DESCRIPTION OF THE TASK> Would you repeat the data below exactly, taking out the images?

DATASET EXTRACT>

· · · · ·

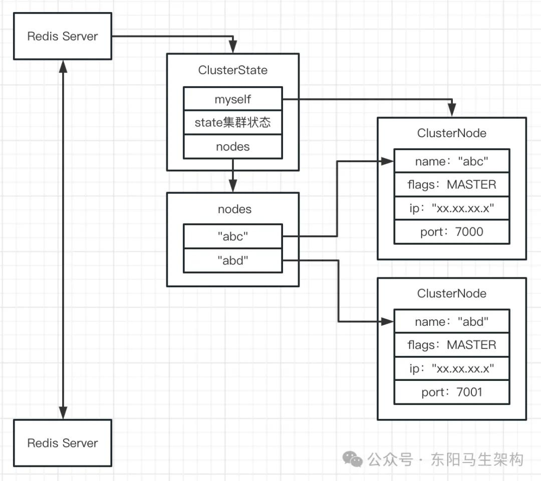 每个Redis Server都会有一个ClusterState内存数据结构,用来保存所有节点的信息。
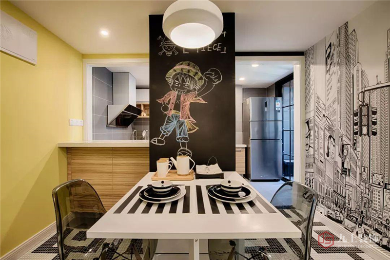 設計師將廚房和餐廳間隔墻畫上路飛,男業(yè)主的海賊王情懷得到完美釋放,無處不在的動漫熱血。
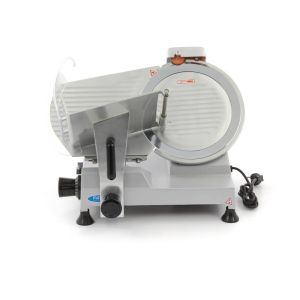 Αυτός ο επαγγελματικός κόφτης Maxima Meat Slicer διαθέτει ανθεκτική κατασκευή από αλουμίνιο και σκληρυμένο μαχαίρι από ανοξείδωτο χάλυβα διαμέτρου 300 χιλιοστών. Λόγω της κλίσης της τοποθέτησης, αυτή η συσκευή είναι πολύ φιλική προς το χρήστη. Παρακάτω μπορείτε να βρείτε όλα τα χαρακτηριστικά του μηχανήματος κοπής Maxima Meat MS 300:

· · · · ·

TASK RESULT>
 每个Redis Server都会有一个ClusterState内存数据结构,用来保存所有节点的信息。
 設計師將廚房和餐廳間隔墻畫上路飛,男業(yè)主的海賊王情懷得到完美釋放,無處不在的動漫熱血。
 Αυτός ο επαγγελματικός κόφτης Maxima Meat Slicer διαθέτει ανθεκτική κατασκευή από αλουμίνιο και σκληρυμένο μαχαίρι από ανοξείδωτο χάλυβα διαμέτρου 300 χιλιοστών. Λόγω της κλίσης της τοποθέτησης, αυτή η συσκευή είναι πολύ φιλική προς το χρήστη. Παρακάτω μπορείτε να βρείτε όλα τα χαρακτηριστικά του μηχανήματος κοπής Maxima Meat MS 300:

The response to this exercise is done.